Depending on whom you ask, driving for Lyft or UberX is either a gold mine or an exploitative labor practice. Uber last year infamously claimed many of its drivers made more than $90,000 per year, but it did not account for the cost of driver expenses like gas and car maintenance. Then, in January, it commissioned a report on its internal data, which said drivers make on as much as $17 per hour in Los Angeles and $30 per hour in New York. That report, too, had its critics, and the company began lowering its rates soon after the survey was conducted, saying that the reduced fares would mean more trips for drivers. What kind of living drivers can hope to earn on on-demand driving platforms is still opaque.
SherpaShare, a platform that thousands of drivers use to track their earnings across different platforms, has another data source to add to the equation. It tracked over a million trips and compiled the average fare per trip in different cities.
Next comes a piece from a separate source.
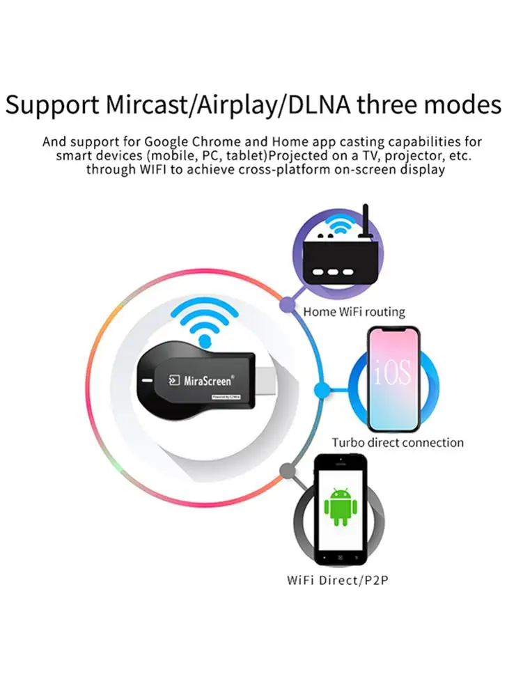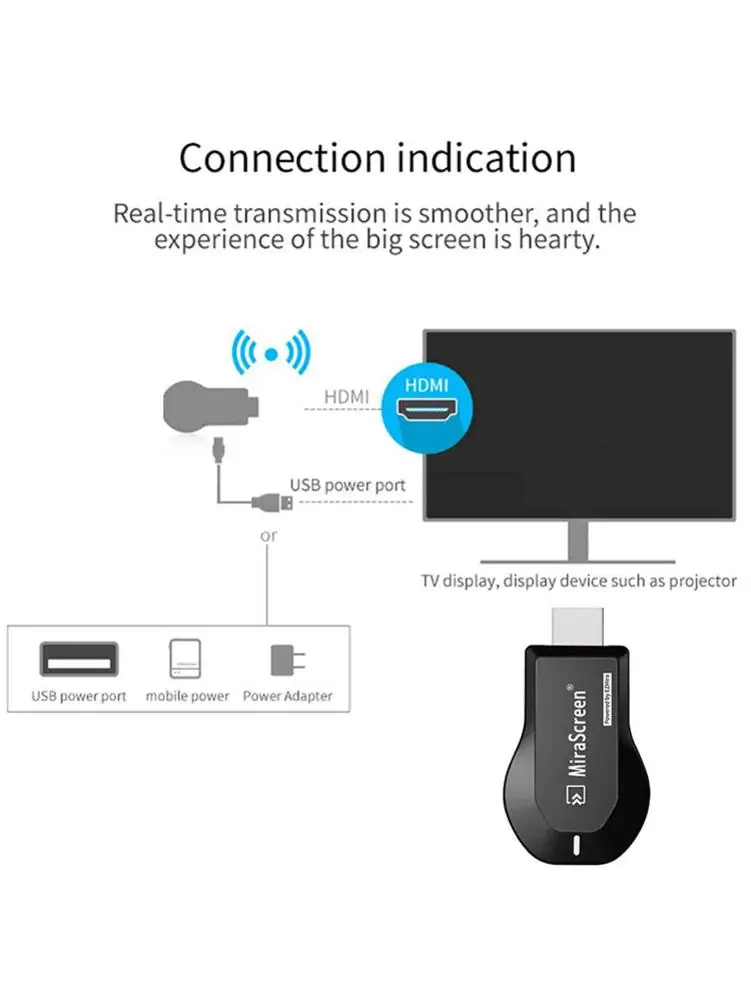 Описание:1. Беспроводной дисплей: Этот беспроводной приемник может беспроводным образом Зеркалировать или транслировать ваши мобильные устройства на телевизор/проектор/монитор. Легко делитесь видео, фотографиями и фильмами на большой экран. Сделайте свой телевизор smart TV. (Не для проектора)

The results, released today, include every trip, whether one mile or 20 miles. The company did not indicate how many trips per hour drivers were able to make or how much downtime drivers had in between trips, both of which would be important in determining what kind of salary drivers earn. Thus, the conclusions one can draw from the data are limited. One point of note is that trip totals stayed relatively consistent despite the rate cuts Uber implemented in January.
New York City, Austin, and San Francisco were the most profitable per-trip locations. Chicago, Baltimore, and Nashville were the least profitable. New York City was an extreme outlier. The average New York city trip was on average 106.6% over the national average for the five-month period.
The effect of surge pricing can be observed in Boston in February, where record snowfall resulted in more surge. That resulted in fares 30% higher than the national average.